The Advantage of np.insert() over np.append is that you can insert the new columns into custom indices.
import numpy as np
X = np.arange(20).reshape(10,2)
X = np.insert(X, [0,2], np.random.rand(X.shape[0]*2).reshape(-1,2)*10, axis=1)
'''
np.append or np.hstack expects the appended column to be the proper shape, that is N x 1. We can use np.zeros to create this zeros column (or np.ones to create a ones column) and append it to our original matrix (2D array).
def append_zeros(x):
zeros = np.zeros((len(x), 1)) # zeros column as 2D array
return np.hstack((x, zeros)) # append column
I add a new column with ones to a matrix array in this way:
Z = append([[1 for _ in range(0,len(Z))]], Z.T,0).T
Maybe it is not that efficient?
It can be done like this:
import numpy as np
# create a random matrix:
A = np.random.normal(size=(5,2))
# add a column of zeros to it:
print(np.hstack((A,np.zeros((A.shape[0],1)))))

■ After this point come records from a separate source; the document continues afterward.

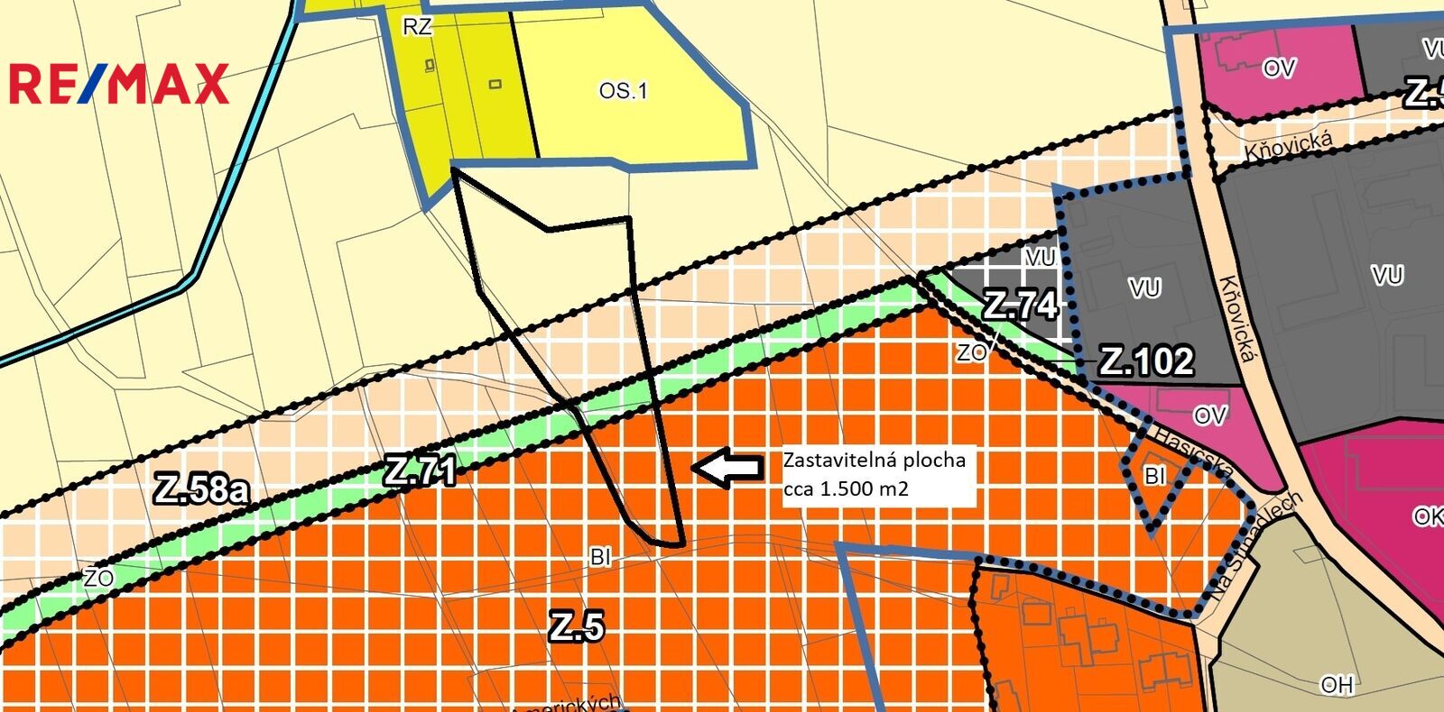 Část pozemku o velikosti cca 1.500 m2 (nyní využívaná jako zahrada), je dle nového územního plánu zastavitelná stavbou pro trvalé bydlení. Konkrétní parametry pro stavbu budou známé po zpracování územní studie. Vzhledem k tomu, že nejzazší termín pro zpracování územní studie je 31.10.2028, je tento pozemek vhodný pro zájemce, který nepotřebuje začít stavět dům ihned. Teoreticky je možné, že na této zastavitelné části bude možné postavit i domy dva. Předpokládá se dům v podobném stylu jako jsou novostavby v okolí, tedy maximálně dvě podlaží a sedlová střecha.
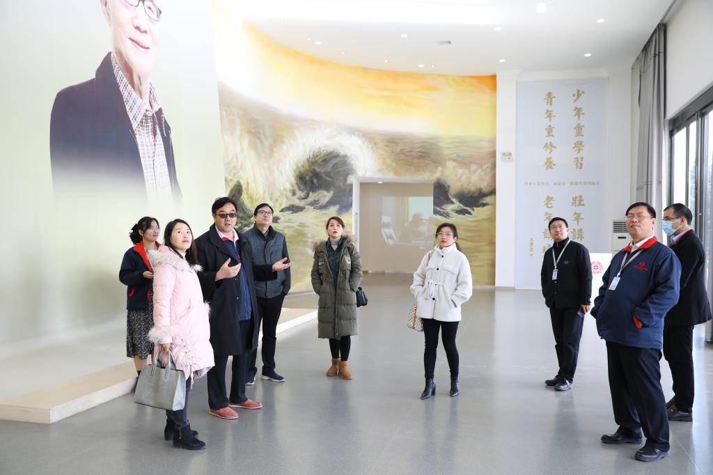 王新奇执行董事在创办人纪念馆向来宾介绍学校发展历程
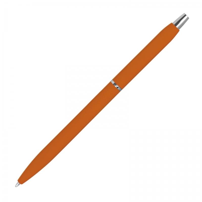 Metalowy długopis o gumowanej powierzchni ze srebrnymi akcentami. Posiada wkład piszący na czarno.
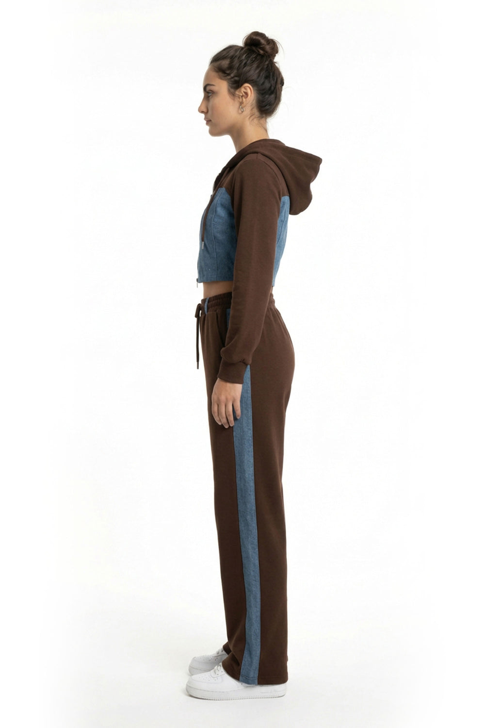 Denim Detail Cotton Tracksuit Set with Two-Way Zipper – Brown
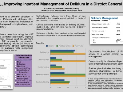 Background: Delirium is a common clinical condition associated with increased morbidity and mortality, and prolonged hospital stay. Early detection is vital to improving management of the condition and improving outcomes. Our aims: improve delirium detection using the 4AT screening tool as a validated approach, Improve delirium management across multiple domains using the PINCH ME approach; documented attempt at collateral history within 24 hours of recognition of delirium; obtain serological confusion screen in patients with recognised delirium. (100% each) Methodology: Plan Do Study Act
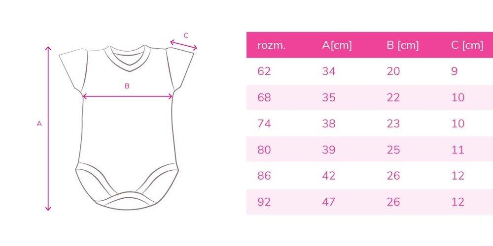 Oryginalne różowe body ozdobione nadrukiem o kwiatowym motywie. Ubranko rozpinane jest na lewym ramiączku oraz w kroczku za pomocą bezniklowych nap, przy szyjce wykończone miękką lamówką.
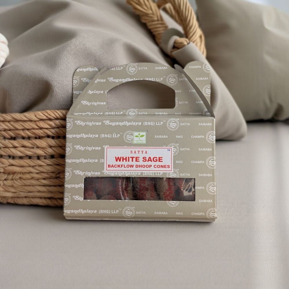 Purge stagnant energy and invite calm with Satya White Sage Backflow Dhoop Cones. These natural cones are infused for a rich, clean aroma—without artificial smoke enhancers. Designed for backflow burners, the smoke gently cascades downward, creating a soothing, meditative effect while you cleanse your space and settle your mind.
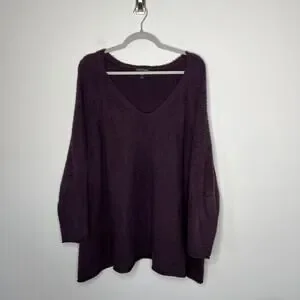 Eileen Fisher Sweater Womens 3X Purple Organic Cotton V Neck Oversized Tunic
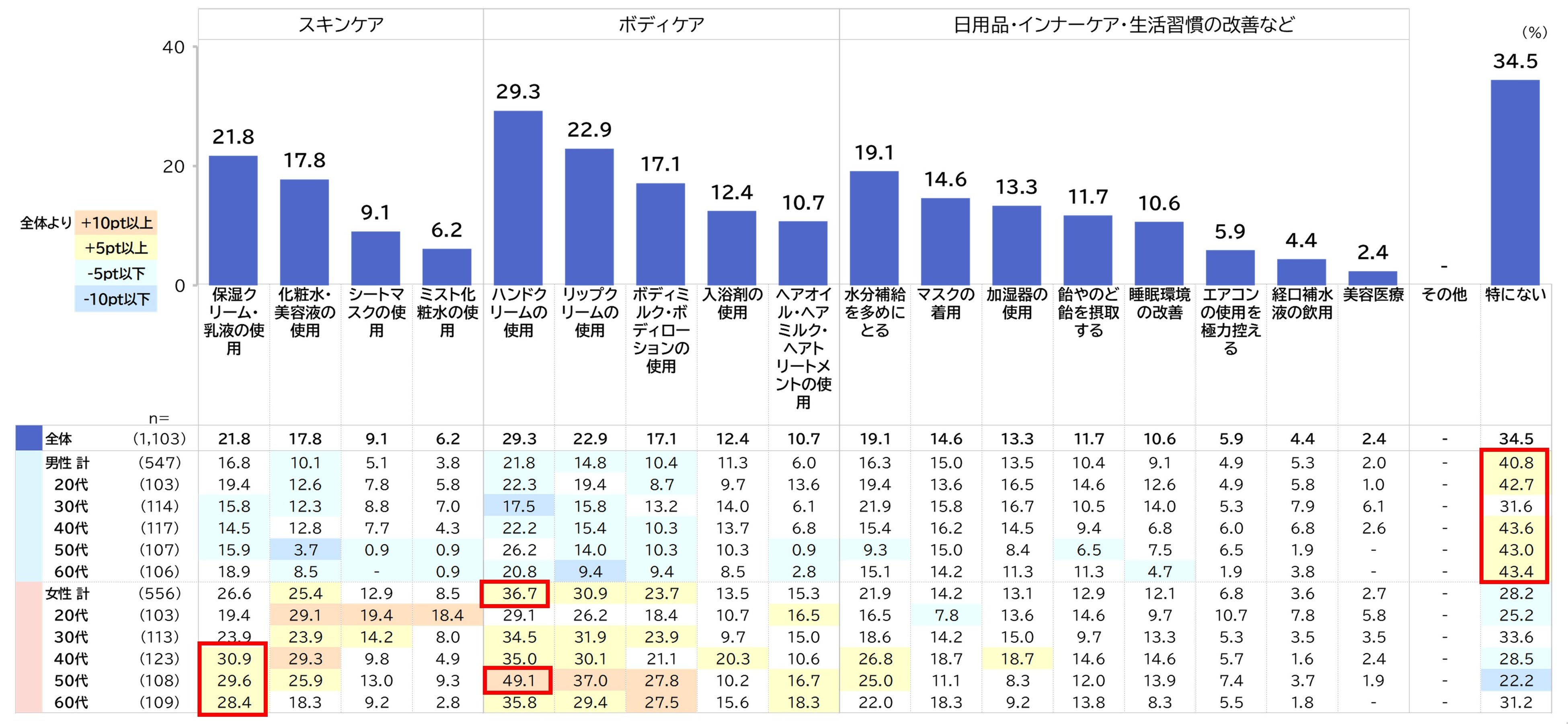 全体では、「特にない」が34.5%と最も高く、特に男性がすべての世代で高くなっています。女性では、「ハンドクリームの使用」が36.7%で最も高く、特に50代で49.1%と高くなっています。また、女性40代~60代で「保湿クリーム・乳液の使用」が30代以下より高くなっています。
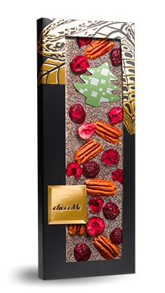 Bílá čokoláda s pekanovými ořechy, višněmi a čokoládovým stromkem
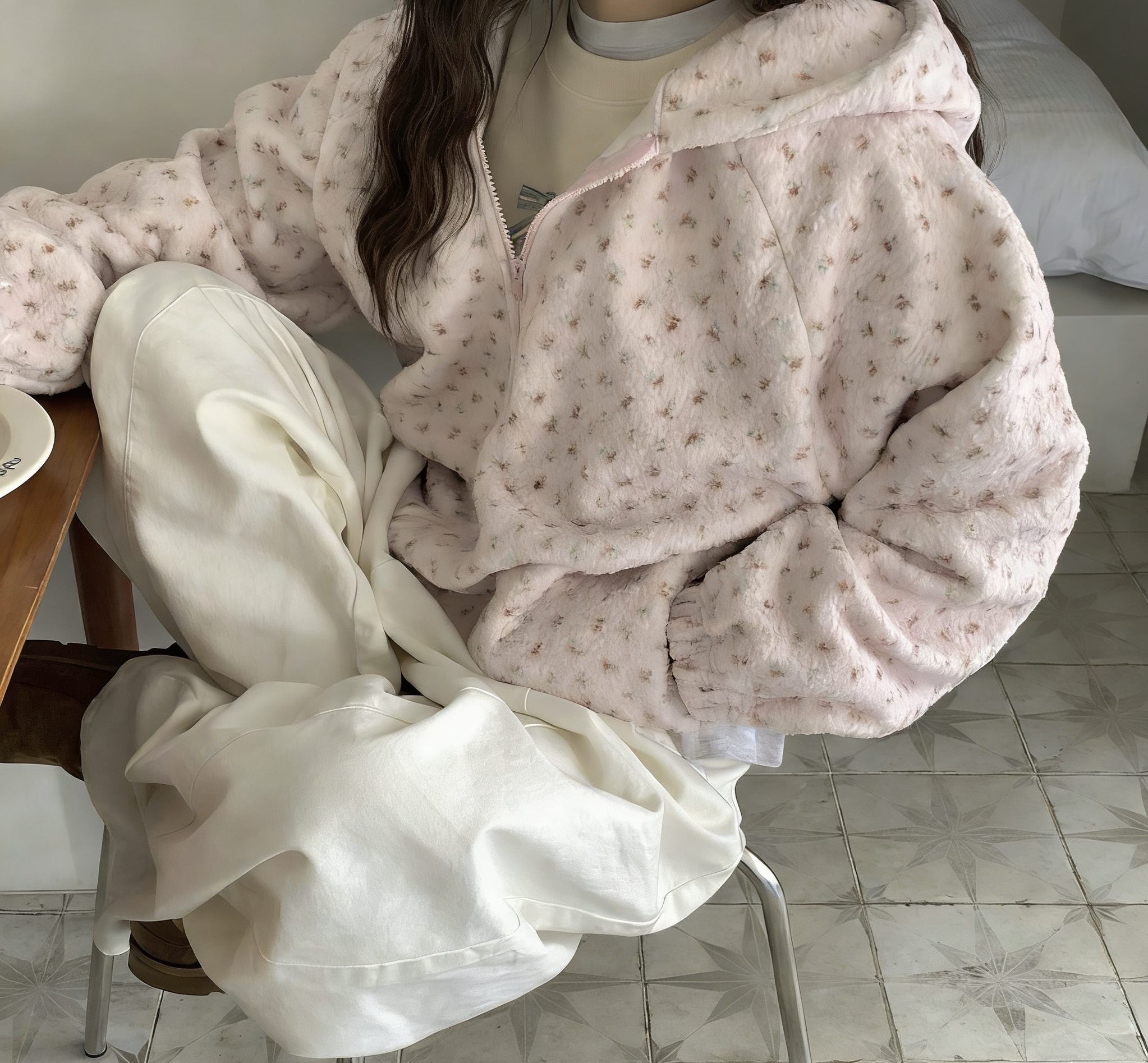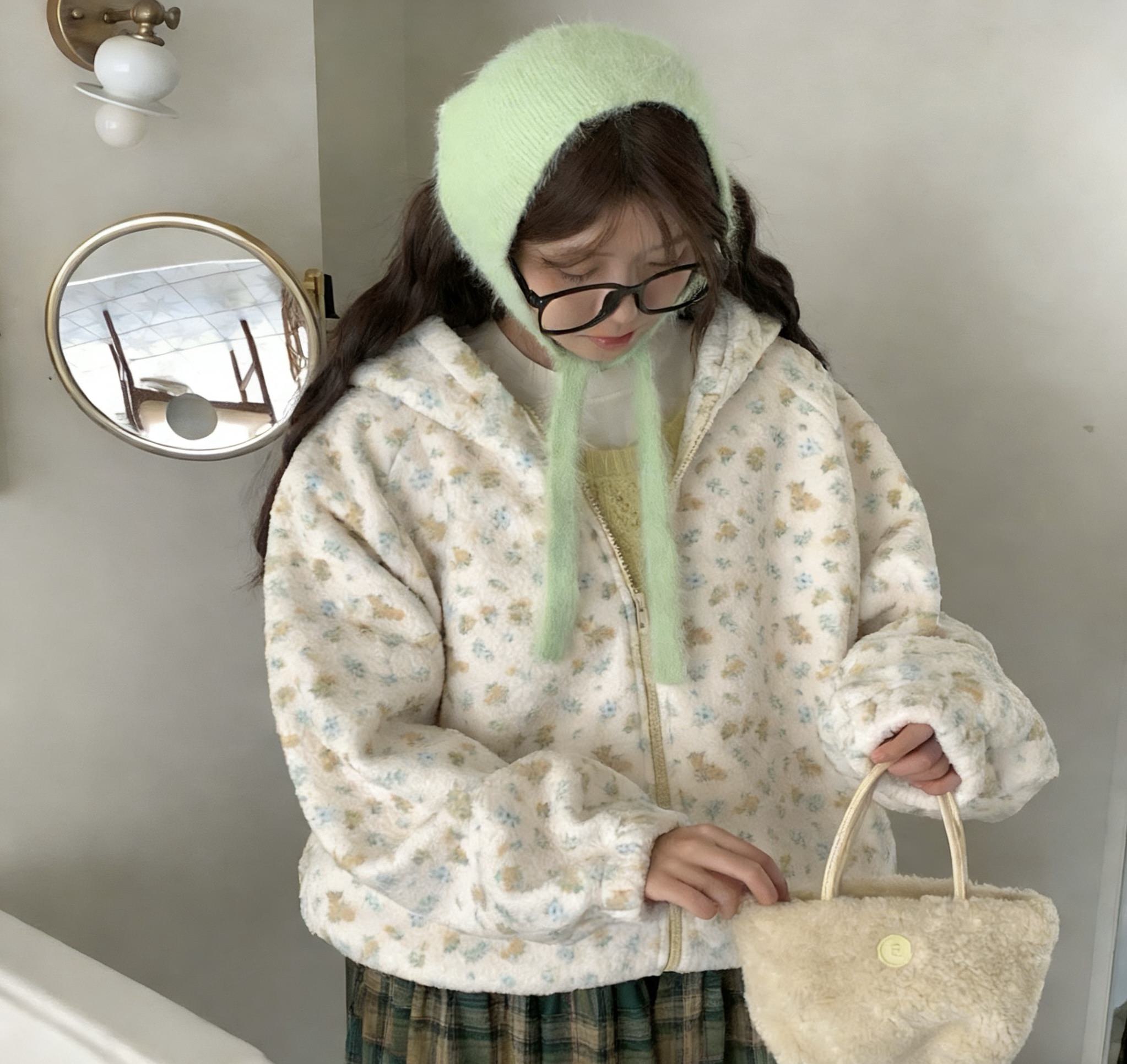 જ⁀➴♡ ✨韓國🇰🇷直送 超軟糯羊羔毛碎花外套
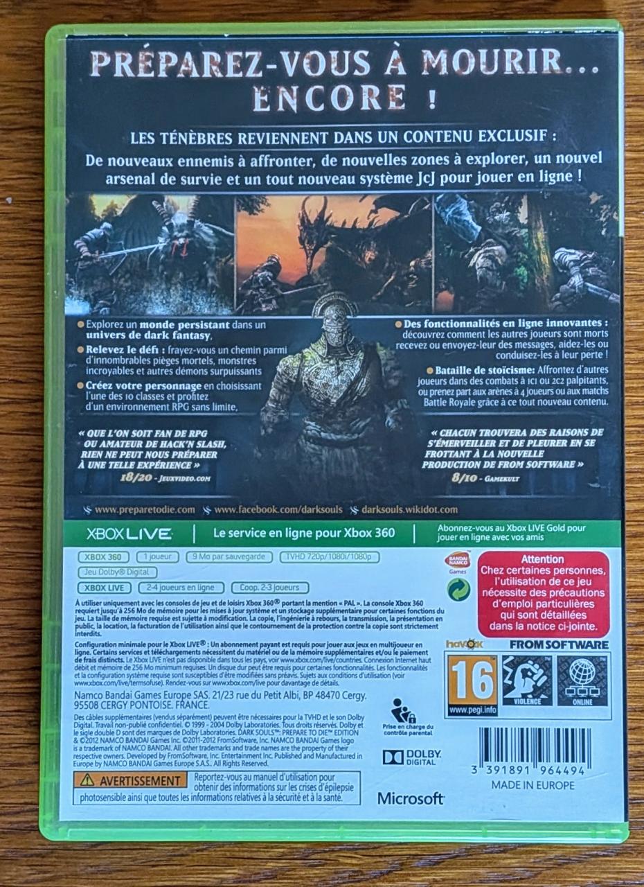 L3 - Dark Souls - Prepare To Die Edition Xbox 360 - EAN : 3391891964494 - ARTICLE OCCASION EN TRES BON ETAT GÉNÉRAL - BOITIER ORIGINAL XBOX 360 - JEUX JOUABLE EN FRANCAIS - LIVRAISON ULTRA RAPIDE EN COLIS SUIVI PROTÈGE - COVER FR
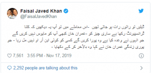عمران خان نے کہا ہے ، وہ کرکے دکھایا ہے ۔ ہم نے عمران خان کی قیادت میں ملک کو آگے لے کر جانا ہے ، ڈیلیں تو راتوں رات ہوجاتی تھیں ۔ نوازشریف کے معاملے میں تو ہر چیز کوشفاف رکھا گیا ہے ۔ انہوں نے کہا کہ حکومت نے یہ کہا کہ نواز شریف ضمانت دیئے بغیر باہر نہیں جاسکتے اورعدالت نے زیادہ سخت شرائط عائد کردیں۔ انہوں نے کہا کہ عمران خان کبھی مایوس نہیں کریں گے جووعدہ کیا ہے ، وہ پورا کریں گے ۔ اس سے قبل انہوں نے بلاول بھٹو کے بیان پر تنقید کرتے ہوئے کہا کہ سلیکشن کے حوالے سے اپنی پارٹی کا ذرا ٹریک ریکارڈ چیک کرلیں ۔ سینیٹر فیصل جاوید خان نے اپنے ٹویتر پیغام میں کہا کہ ’’تبدیلی توپسند آئی ہے، آپ نے رومن اردو لکھنا سیکھ لیا ہے،لگے رہیں۔ آپ کو بار بار لانچ کرنےکی کوششوں میں مسلسل ناکامی ہو رہی ہے۔ سلیکشن کے حوالے سے اپنی پارٹی کاذرا ٹریک ریکارڈ چیک کرلیں کہ انہوں نے کیسے سٹارٹ لیا اور آپ پرچی پر کیسے آئے۔ عمران خان تو بائیس سال جدوجہد کرنے کے بعد عوام کی نمبر ون چوائس ہیں‘‘۔ یاد رہے کہ چئیرمین پاکستان پیپلز پارٹی بلاول بھٹو زرداری نے طنزکرتے ہوئے سوال کیا تھا کہ سلیکٹڈ کو جنہوں نے سلیکٹ کیا ہے کیا انہیں تبدیلی پسند آئی ہے؟ انہوں نے وزیراعظم عمران خان کو مخطاب کرتے ہوئے کہا کہ سلیکٹڈ سے بھی پوچھتا ہوں کیا امپائر کی انگلی پسند آئی؟ چئیرمین پاکستان پیپلز پارٹی نے اپنے ٹویٹر پیغام میں کہا ہے کہ مین میرا سوال آج بھی وہی ہے کہ کیا تبدیلی پسند آئی۔ انہوں نے مزید کہا کہ اب نہ امپائے کی انگلی چلے گی نی جعلی تبدیلی بلکہ اب صرف اور صرف عوام کی مرضی چلے گی۔ بلاول بھٹو زرداری نے ہیش ٹیگ گیم اوور سلیکٹڈ بھی لکھ کر شئیر کیا۔
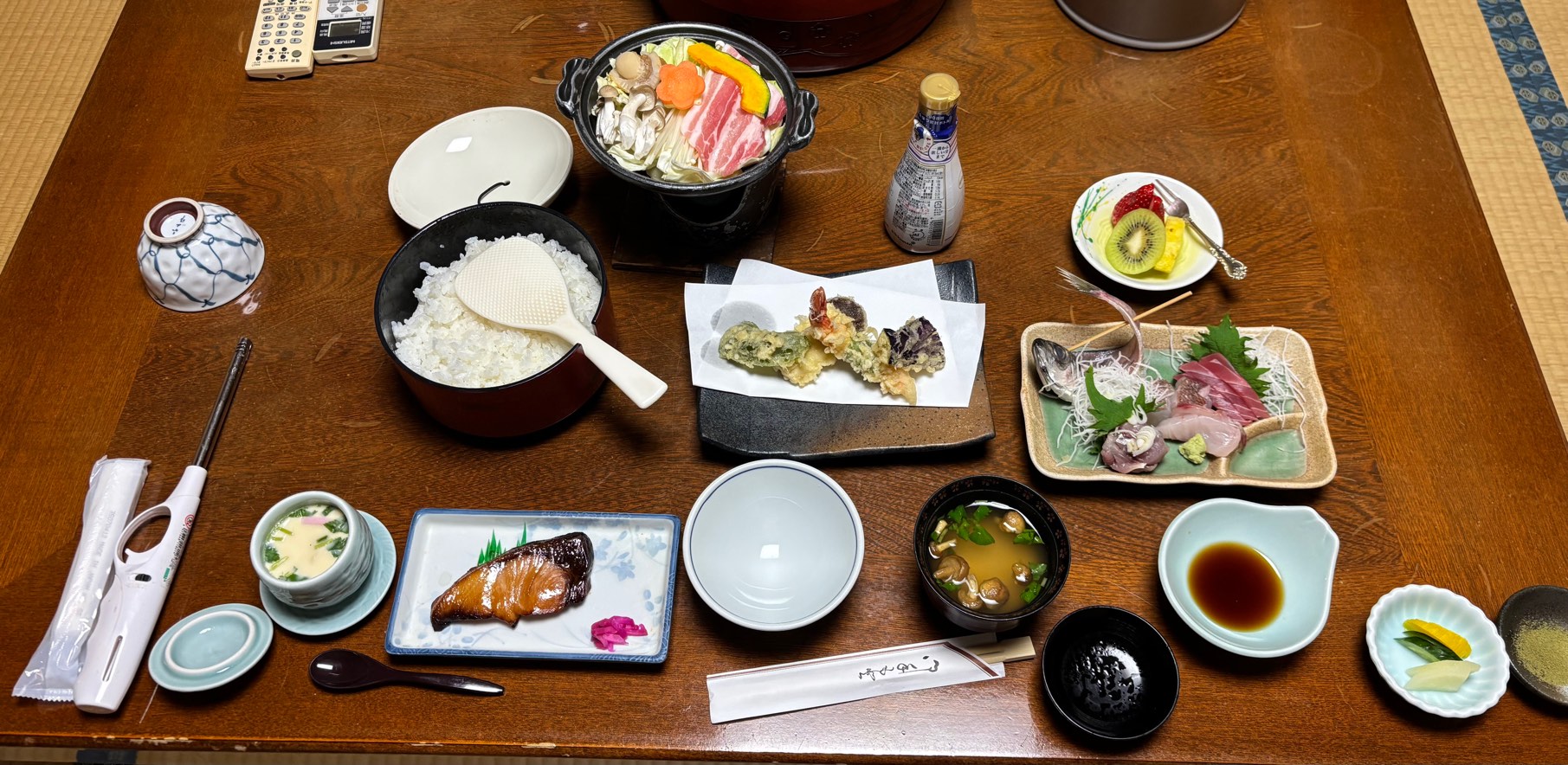 後書き忘れてたけど、風呂はちゃんと男女で分かれてる 食べ終わった食事は配膳毎廊下に置く、他の宿の部屋食と同じ形式 一応アレルギーとかあれば予約時のメモに書けば応じてくれるっぽいなんだったら子連れの家族とかも来るから苦手な物も対応できますよなんて言ってた お湯は癖のないさっぱりとした感触、じんわりと温まる
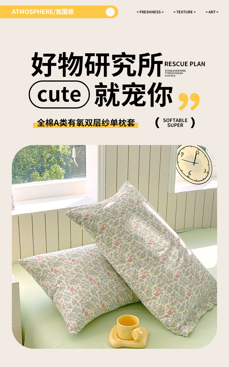 春皖家纺 2026新款A类全棉有氧双层纱印花四件套单品系列-单枕套 花町
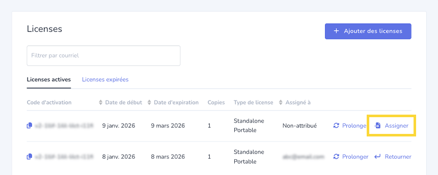 - Cliquez sur le lien Assigner dans la page Gérer les licences.
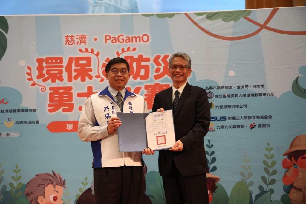 南投縣政府洪瑞智秘書長(左)代表南投縣政府致贈慈濟慈善基金會感謝狀,贊助縣府合辦此次競賽,由慈濟慈善基金會熊士民副執行長代表接受。[攝影者:洪銘輝]

In general, if A is an m*n matrix, and you need to add a column, you have to create an n*1 matrix of zeros, then use "hstack" to add the matrix of zeros to the right of the matrix A.
Similar to some of the other answers suggesting using numpy.hstack, but more readable:
import numpy as np
# declare 10 rows x 3 cols integer array of all 1s
arr = np.ones((10, 3), dtype=np.int64)
# get the number of rows in the original array (as if we didn't know it was 10 or it could be different in other cases)
numRows = arr.shape[0]
# declare the new array which will be the new column, integer array of all 0s so it's visually distinct from the original array
additionalColumn = np.zeros((numRows, 1), dtype=np.int64)
# use hstack to tack on the additionl column
result = np.hstack((arr, additionalColumn))
print(result)
result:
$ python3 scratchpad.py
[[1 1 1 0]
[1 1 1 0]
[1 1 1 0]
[1 1 1 0]
[1 1 1 0]
[1 1 1 0]
[1 1 1 0]
[1 1 1 0]
[1 1 1 0]
[1 1 1 0]]
Here's a shorter one-liner:
import numpy as np
data = np.random.rand(210, 8)
data = np.c_[data, np.zeros(len(data))]
Something that I use often to convert points to homogenous coordinates with np.ones instead.